-- Information given --
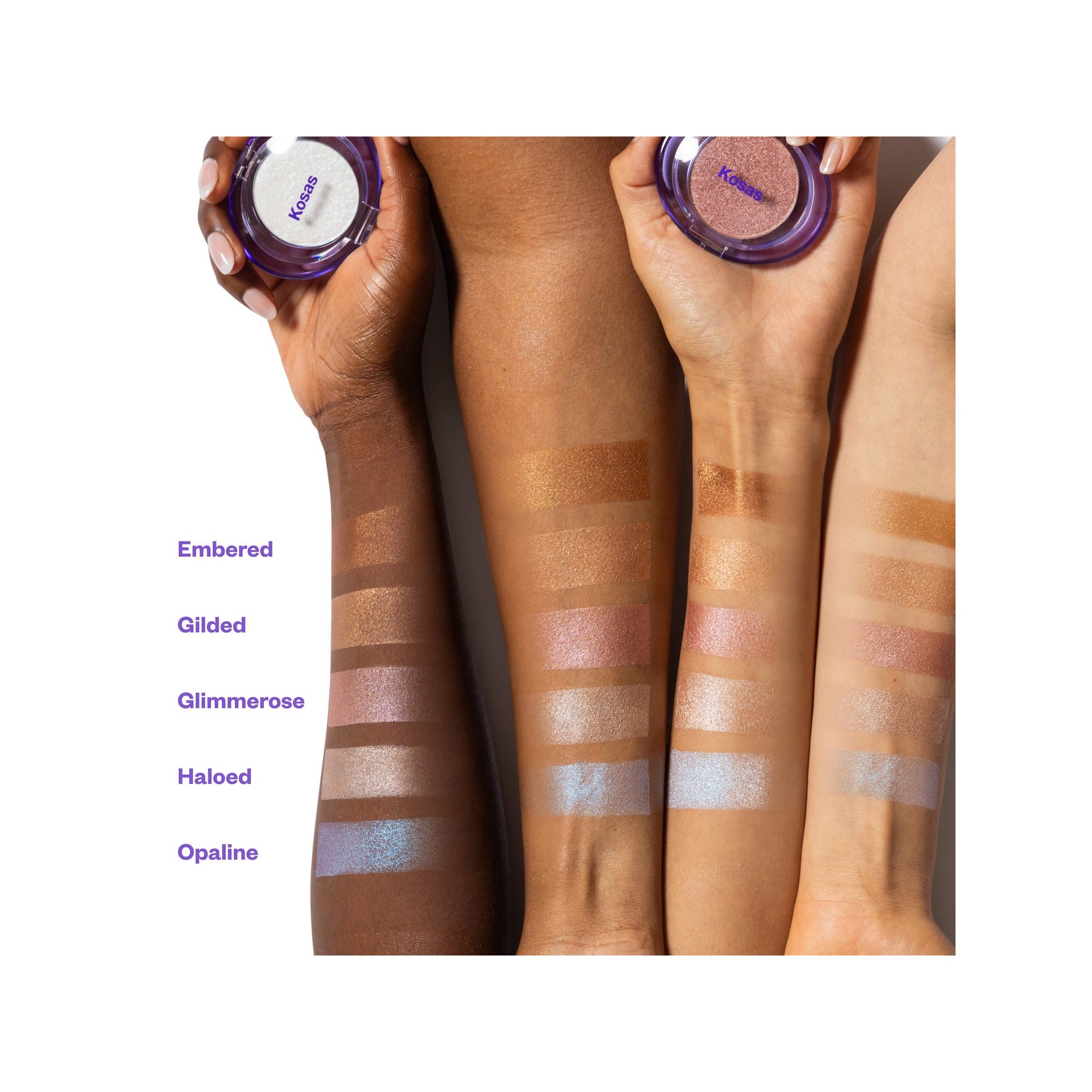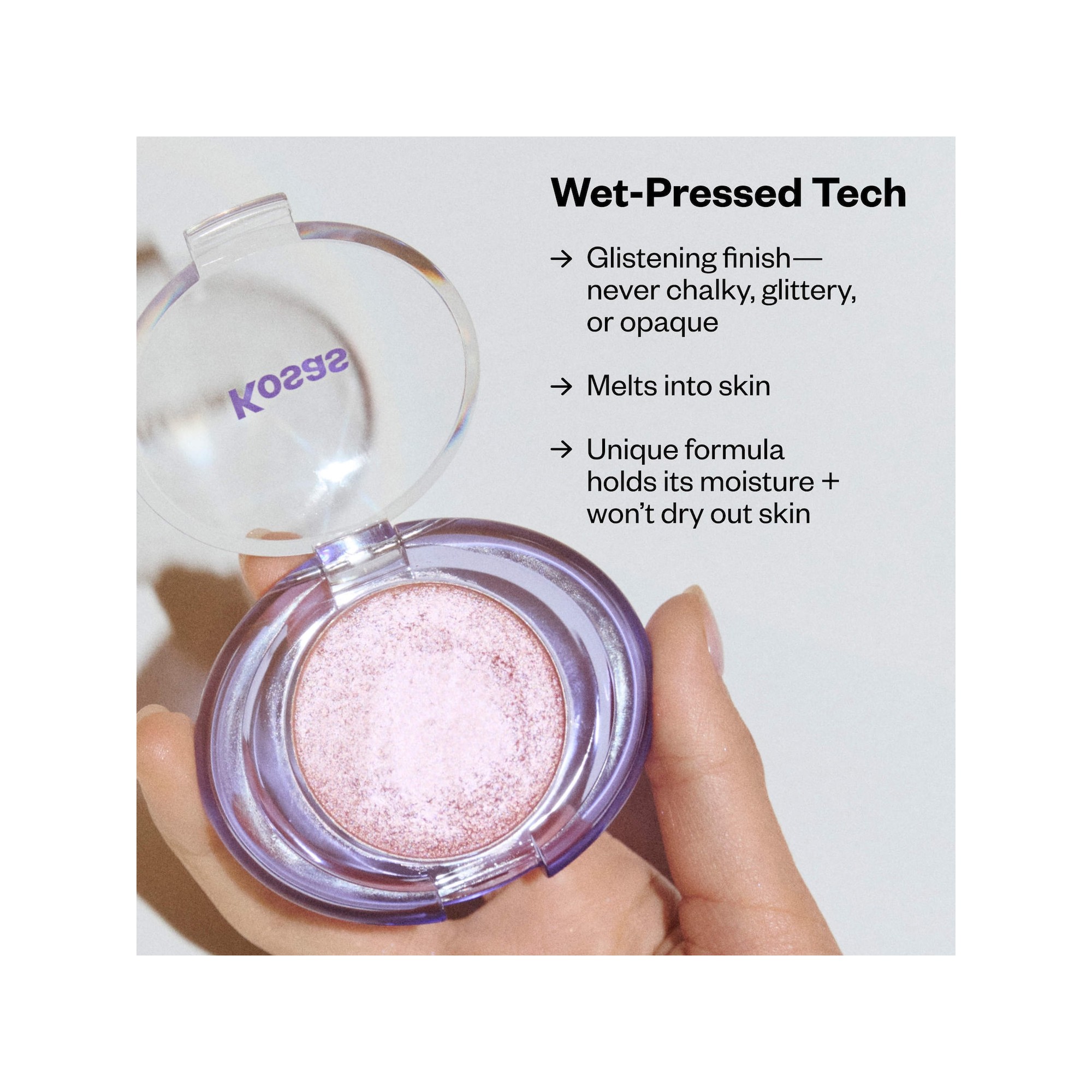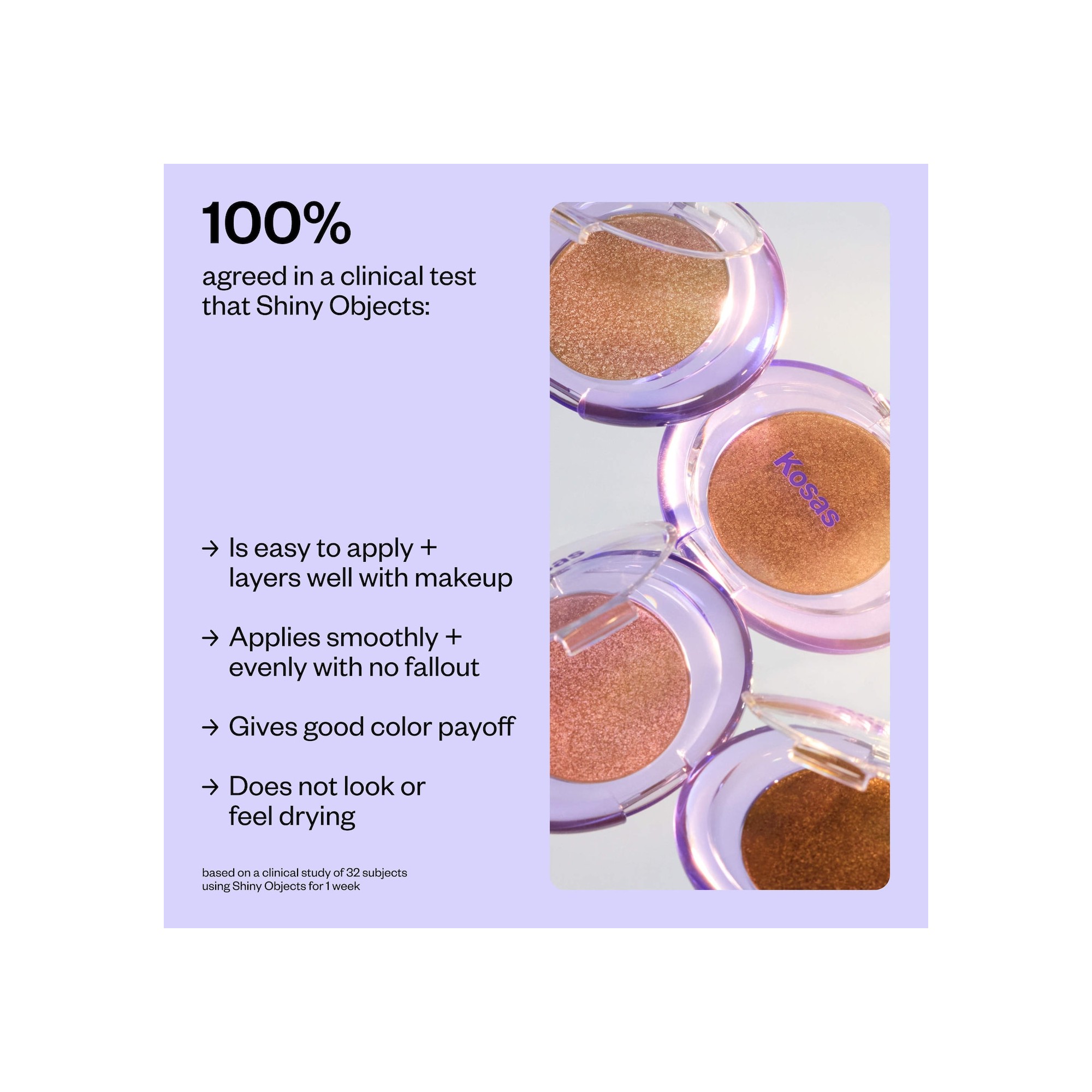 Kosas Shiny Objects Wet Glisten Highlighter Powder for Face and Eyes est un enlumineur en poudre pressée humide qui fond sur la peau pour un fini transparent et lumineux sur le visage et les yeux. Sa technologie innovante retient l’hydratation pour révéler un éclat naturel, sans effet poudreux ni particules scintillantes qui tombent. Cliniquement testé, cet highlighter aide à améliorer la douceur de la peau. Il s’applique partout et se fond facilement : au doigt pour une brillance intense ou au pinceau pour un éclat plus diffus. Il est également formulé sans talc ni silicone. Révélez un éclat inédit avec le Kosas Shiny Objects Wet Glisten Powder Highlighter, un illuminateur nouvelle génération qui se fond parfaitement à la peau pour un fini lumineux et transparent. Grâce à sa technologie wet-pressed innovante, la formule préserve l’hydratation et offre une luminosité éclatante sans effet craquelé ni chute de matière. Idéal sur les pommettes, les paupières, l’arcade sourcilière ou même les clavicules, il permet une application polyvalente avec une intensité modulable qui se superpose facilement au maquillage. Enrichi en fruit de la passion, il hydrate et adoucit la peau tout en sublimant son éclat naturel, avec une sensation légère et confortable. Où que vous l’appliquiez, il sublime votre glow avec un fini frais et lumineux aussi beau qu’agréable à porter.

---

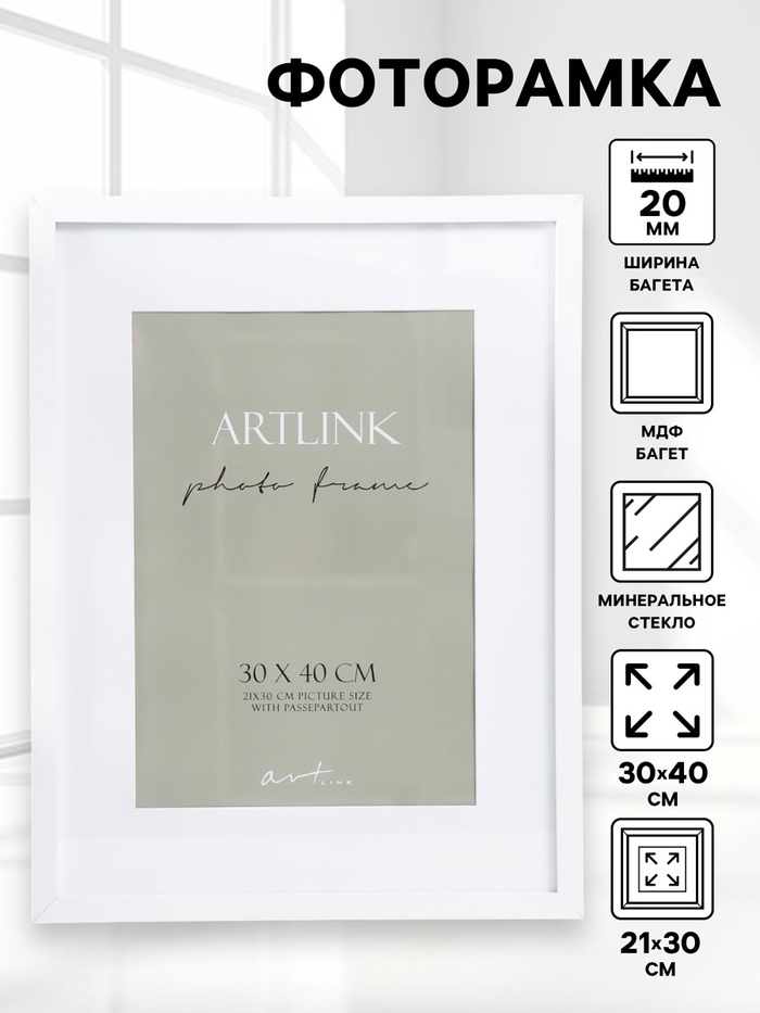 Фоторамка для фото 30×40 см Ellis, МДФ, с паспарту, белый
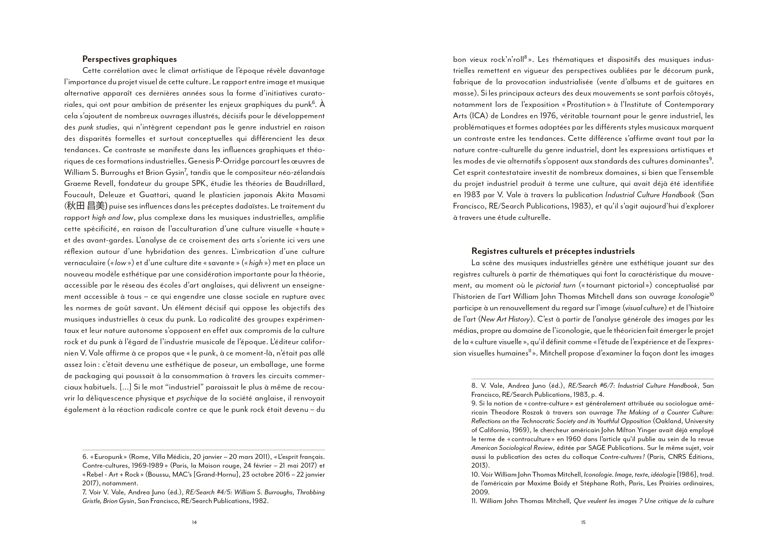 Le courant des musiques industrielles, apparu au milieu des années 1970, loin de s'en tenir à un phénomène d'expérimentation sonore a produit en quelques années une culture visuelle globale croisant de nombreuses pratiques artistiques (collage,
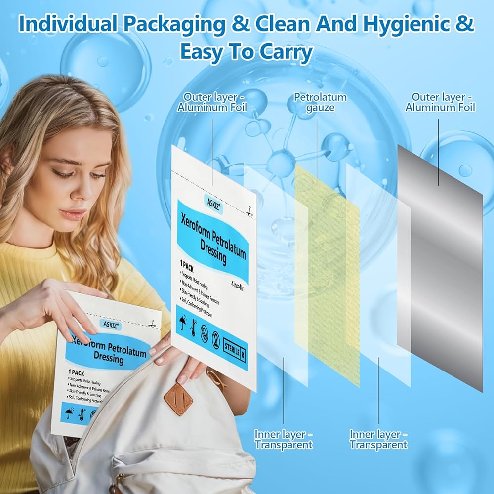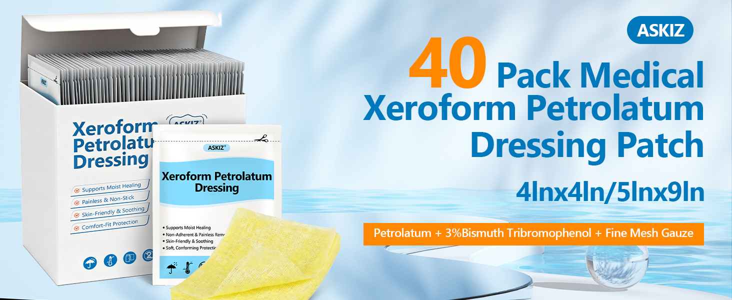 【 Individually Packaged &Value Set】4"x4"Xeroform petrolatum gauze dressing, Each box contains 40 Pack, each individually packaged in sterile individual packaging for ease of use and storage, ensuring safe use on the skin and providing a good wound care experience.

--

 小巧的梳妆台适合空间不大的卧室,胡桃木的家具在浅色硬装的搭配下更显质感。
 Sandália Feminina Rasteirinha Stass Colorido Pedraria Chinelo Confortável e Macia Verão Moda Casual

-- What the task asks --
Above are the entries. Quote exactly the lines from the one bearing "小巧的梳妆台适合空间不大的卧室,胡桃木的家具在浅色硬装的搭配下更显质感。" through the one bearing "Sandália Feminina Rasteirinha".

-- Reply --
 小巧的梳妆台适合空间不大的卧室,胡桃木的家具在浅色硬装的搭配下更显质感。
 Sandália Feminina Rasteirinha Stass Colorido Pedraria Chinelo Confortável e Macia Verão Moda Casual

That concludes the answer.